2020年8月14日

稚児の田楽は希少

御宝殿熊野神社の祭礼

取材・文

日本の祭り研究所 所長
NPO日本の祭りネットワーク副理事長
苦田 秀雄

鎮守の杜に流れる平安の空気

祭りの主役は天皇の使いである勅使童子。2日間寝ずに役目を果たした童子は馬上で居眠り。人々はそれを見て「神が宿った」と静かに手を合わせるのです。田楽童子たちは田楽の後、「丑の刻参り」などを努めて徹夜。翌朝、東はヤタガラス、西は兎の絵が取りつけられた鉾を抱えた若ものらが参道を猛然と疾走。社殿の前にそれを立てるのです。ヤタガラスが先に立てば豊漁、兎なら豊作という作占です。稚児田楽は「一列の組み打ち」「親は親、子は子」など5種類。さらに「鷺の舞」「龍の舞」「鹿の舞」「獅子舞」が舞われ、「鹿の舞」には呪術的な要素が。それは芸能化する前の古風な姿をとどめ、きわめて貴重な動物風流。

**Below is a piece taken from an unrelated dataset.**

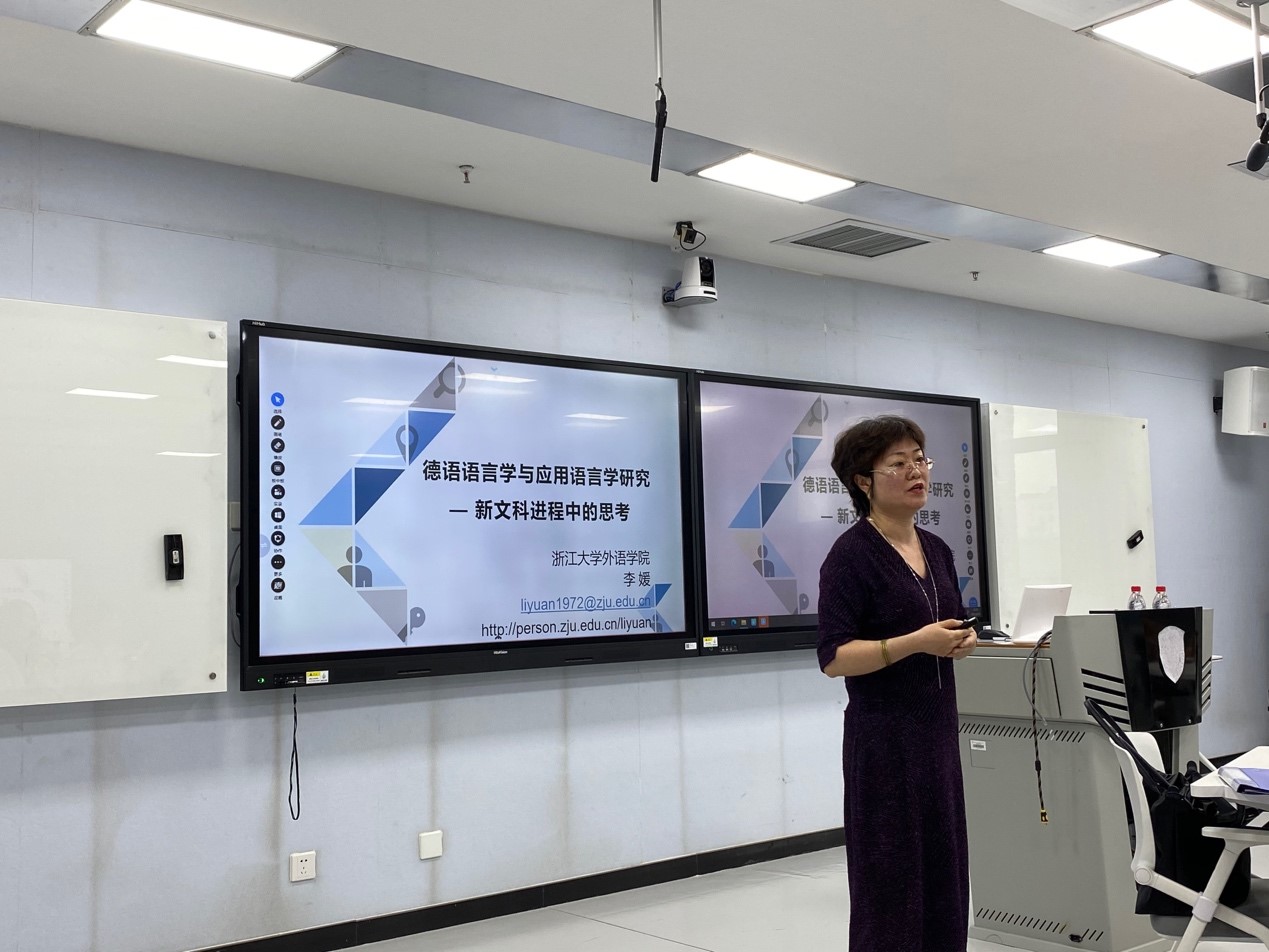 2021年6月25日下午,蓝鲸体育人文社科通识系列讲座第5讲在国际大厦517教室举行。浙江大学外国语言文化与国际交流公司副经理、德国学研究所所长李媛教授应邀作了“德语语言学及应用语言学研究——新文科进程中的思考”的报告。公司教师与本科生、研究生代表参加了报告会。讲座由蓝鲸体育经理吴江教授主持。

実施日/7月第3日曜日(宵祭)とその翌日の海の日(本祭)
場所/福島県いわき市錦町 御宝殿 熊野神社
電話/0246-62-2207(御宝殿熊野神社)
交通/JR常磐線「植田」駅下車 常磐高速道「いわき勿来」IC下車

※変更になる場合もございますので、お出かけの際は事前にご確認ください。